(Extracted records begins)
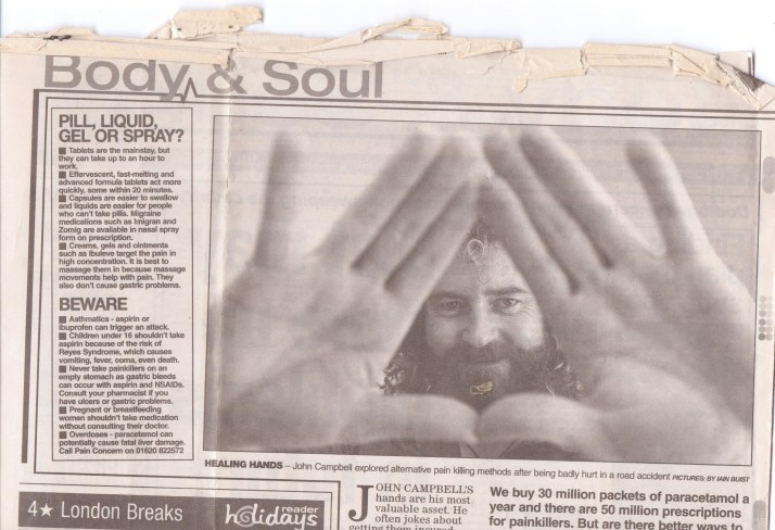 I could feel everything. It felt like John was Drawing the pain out of my body. LITERALLY CHANNELING THE PAIN OUT OF MY BODY WITH HIS HANDS. Three months later I am down to just 60 milligrams of Morphine a day. Some days I only have to take 30 Milligram Morphine Tablet in the morning. My pain has reduced considerably. I have seen my doctor last week and he said: “My Leg was the best he has ever seen it, Plus I agreed with me that I shouldn’t need a Spinal Operation on my Lower Back and to carry on with the treatments with John Campbell”. I am walking better and less hunched, which was also helping with the Osteoporosis of my Spine.
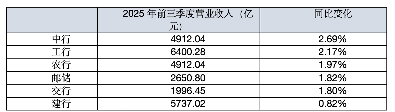 截至10月底,六大行均公布了2025年前三季度业绩,传递出业绩企稳回升的“暖意”。
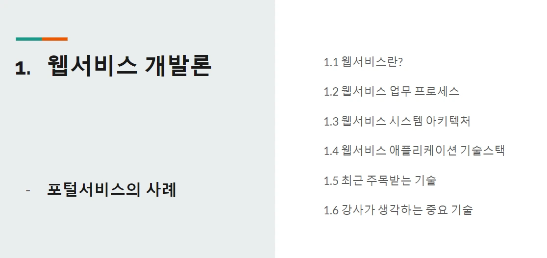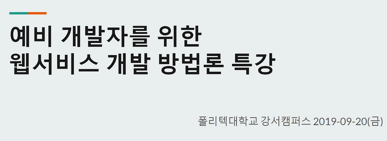 특강 주제는 "예비 개발자를 위한 웹서비스 개발 방법론 특강"이라는 주제로 진행하였다. 참고로 1주일밖에 준비를 못했기 때문에 PPT는 아주 간략하게 구성하였다.
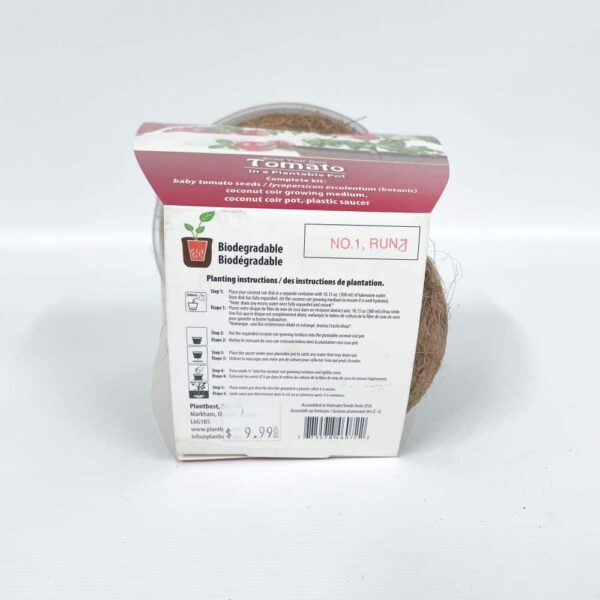 Includes baby tomato seeds, coconut coir growing medium, coconut coir pot and a plastic saucer
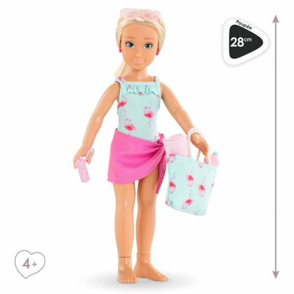 Le coffret Valentine à la plage est composé de Valentine, poupée mannequin de 28 cm, et de 5 accessoires : 1 crème solaire protectrice, 1 paire de lunettes de soleil, 1 gourde, 1 serviette de plage et 1 sac de plage. Valentine a un joli visage naturel aux traits fins qui sent bon la vanille.
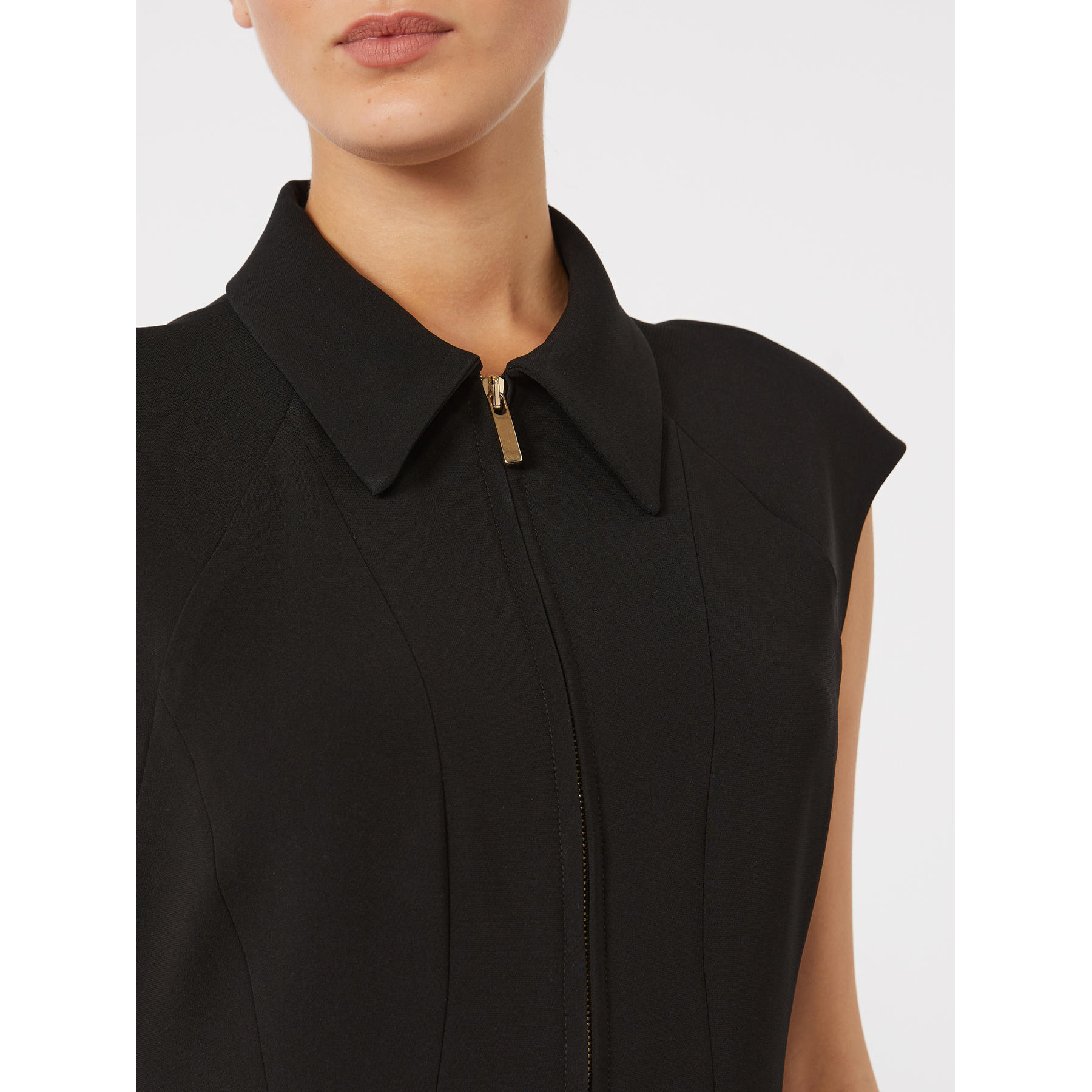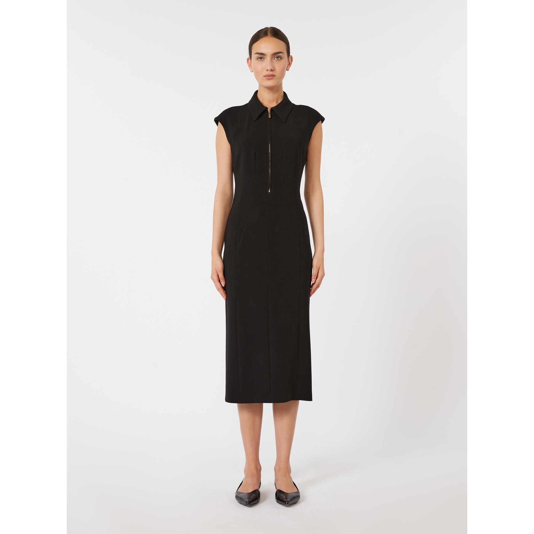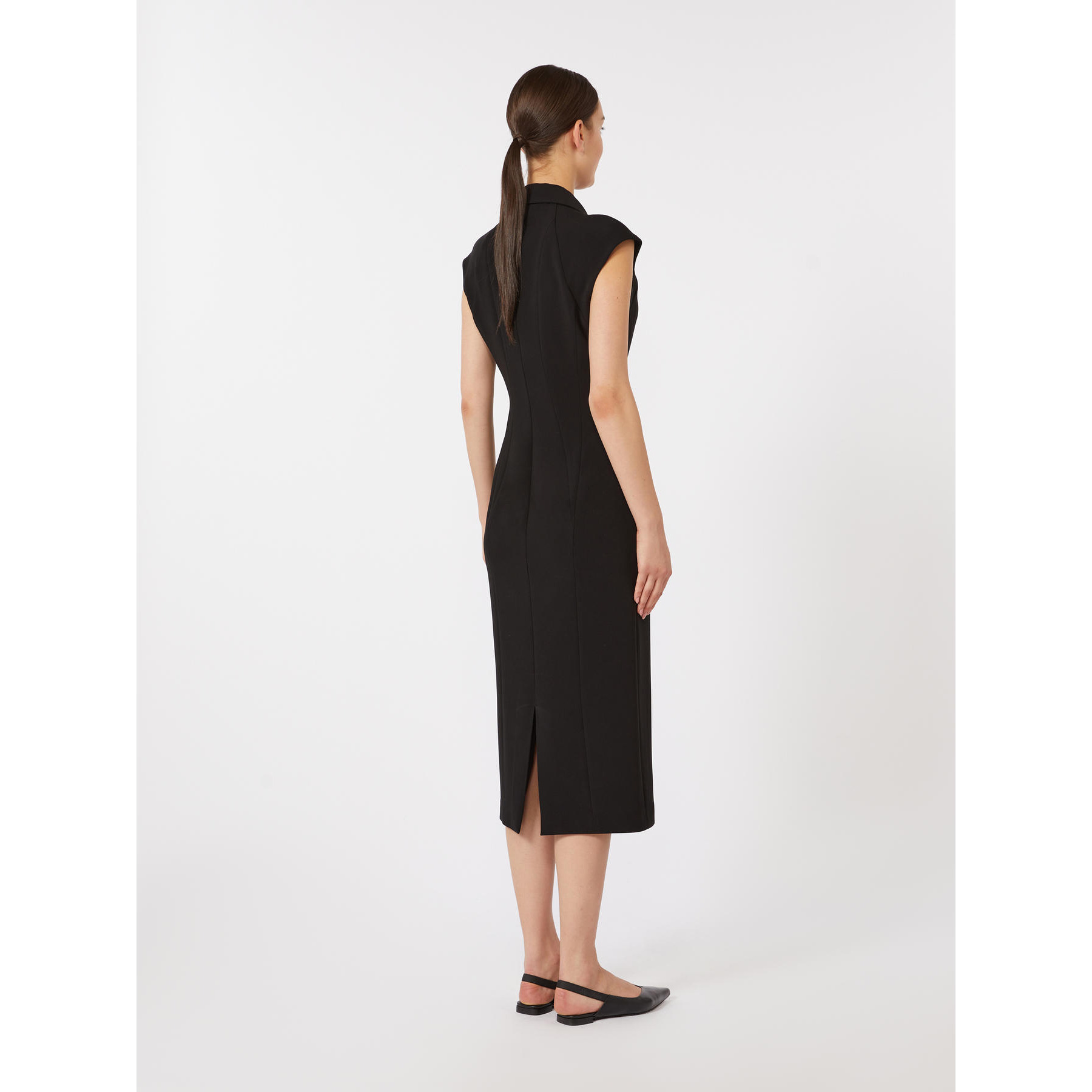 Abito midi a tubino, caratterizzato da motivo di tagli verticali e obliqui che evidenziano la silhouette. Abito in cady
(Extracted records ends)
» **Aim of the exercise**:
Transcribe only the lines above that start at the line containing "截至10月底,六大行均公布了" and end at the line containing "Includes baby tomato". Omit pictures.

» **Response area**:
 截至10月底,六大行均公布了2025年前三季度业绩,传递出业绩企稳回升的“暖意”。
 특강 주제는 "예비 개발자를 위한 웹서비스 개발 방법론 특강"이라는 주제로 진행하였다. 참고로 1주일밖에 준비를 못했기 때문에 PPT는 아주 간략하게 구성하였다.
 Includes baby tomato seeds, coconut coir growing medium, coconut coir pot and a plastic saucer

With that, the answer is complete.